For developers who have fully embraced AI agents, productivity is no longer the bottleneck. Agents produce code faster than humans, and often better. The bottleneck is correctness: whether the code solves the problem, whether the architecture can still hold the feature set you’re growing into, whether the implementation encodes the right premises. The practical shift is that a significant fraction of your agent compute should now go to validation (tests, reviewers, scope checks), rather than to producing more code.
Productivity Is No Longer the Bottleneck
A year ago, the argument for agentic programming was throughput: agents let you ship more code in less time.
That is not controversial anymore. With the current generation of models inside agentic harnesses (Claude Code, Codex, and the like), a single developer supervising one agent can run circles around a small team writing by hand.
For people fully inside this workflow, the question is no longer “how do I produce more?”. It is “how do I know what I produced is right?”.
Three Layers Where “Right” Can Fail
Each layer has its own remedies.
The product layer: does this match what a user wants?
Part of “right” is still human judgment. An actual human has to look at the running product and say whether it does what they actually need. No amount of agent compute substitutes for that.
(Incidentally, this will probably change fast, as more and more products are targeted at agents.)
The most you can do is make this human’s job easy: ship into a real environment quickly, with real data, so the human can poke at it and react.
The architecture layer: is this the right shape of code?
This is the hardest layer, and the one where current agents are weakest.
A lot of what experienced software engineers do is architectural judgment:
- structuring code so it can accommodate the features that will land on it, without knowing in advance what’s coming;
- knowing what features not to implement;
- recognizing when the feature set has outgrown the original architecture, and the codebase needs to be reshaped before more code can land cleanly.
Agents are not yet good at any of these. They will happily add the feature you asked for, in the place where it fits least, with abstractions that make the next three features harder.
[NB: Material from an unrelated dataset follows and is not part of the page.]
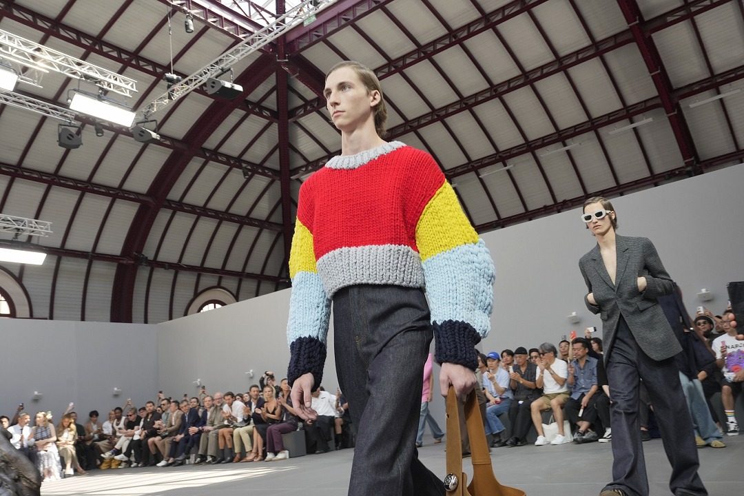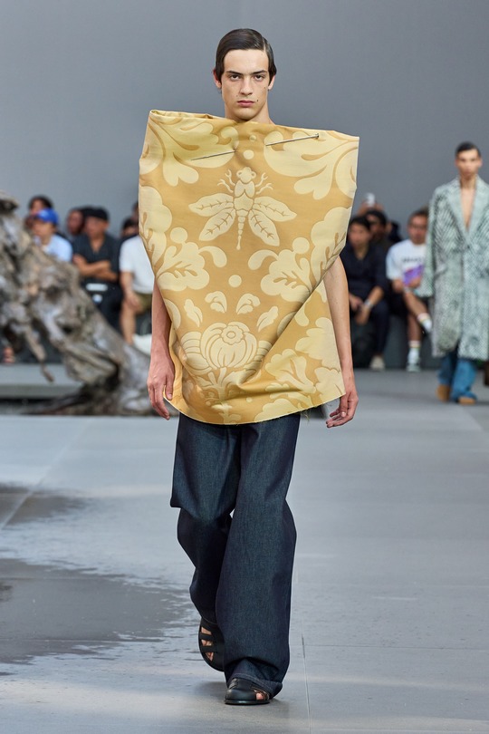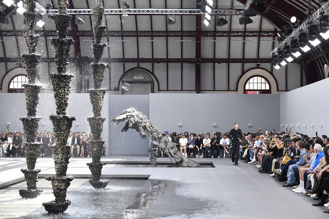 本季男裝秀場選址于法國共和國衛隊馬術競技場(La Garde Republicaine),現場布置美國藝術家 Lynda Benglis 的3件大型噴泉裝置《波動漸強》、《繁盛、琥珀色之波、豐饒之位面》和《海洋騎士》,青銅雕塑與湧動的水流營造出獨特觀感。

They will implement the configurability you asked for instead of pushing back on whether you should want it. They will keep extending a structure that has outlived its assumptions, because each individual diff still looks reasonable in isolation.
The remedy at this layer is human-driven architectural review, backed by an agent whose explicit job is to check each diff against a source-of-truth document for scope and shape.
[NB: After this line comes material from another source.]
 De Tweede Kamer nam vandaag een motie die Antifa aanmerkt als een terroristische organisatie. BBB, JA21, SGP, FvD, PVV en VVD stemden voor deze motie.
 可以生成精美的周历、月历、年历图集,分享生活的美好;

The implementation layer: is the code doing what it claims?
The third failure mode is the easiest to miss: code that looks right, has passing tests, and is actually wrong. The premises it encodes are off by a degree. There is a workaround in the middle that the tests happen not to exercise. A helper that “handles edge cases” is actually swallowing errors that should be propagated.
This is the failure mode the writer agent cannot see, because it inherited the premises from its own earlier reasoning. It needs a separate pair of eyes (a reviewer agent, a fresh-context subagent, or a different agent kind entirely) to read the diff without the writer’s assumptions.
Validation Is What You Spend Compute On
The remedy is simple to state and harder to commit to: spend a significant fraction of your agent budget on validation.
The point of running teams of coding agents is no longer to produce more code faster. It is to make it more likely that the code is correct.
Validation, in practice, means several things at once:
- Tests, including the expensive ones. Real end-to-end tests against a real database. Browser tests with Playwright. Runs against representative data.
- Constant code review, not just at PR time. A reviewer agent that reads each diff as it lands, with the architectural document and the task list in its context.
- Scope rechecks against a source-of-truth document. Has the diff drifted from the original ask? Has the agent quietly expanded the scope? Has it implemented something the SOT explicitly said not to do?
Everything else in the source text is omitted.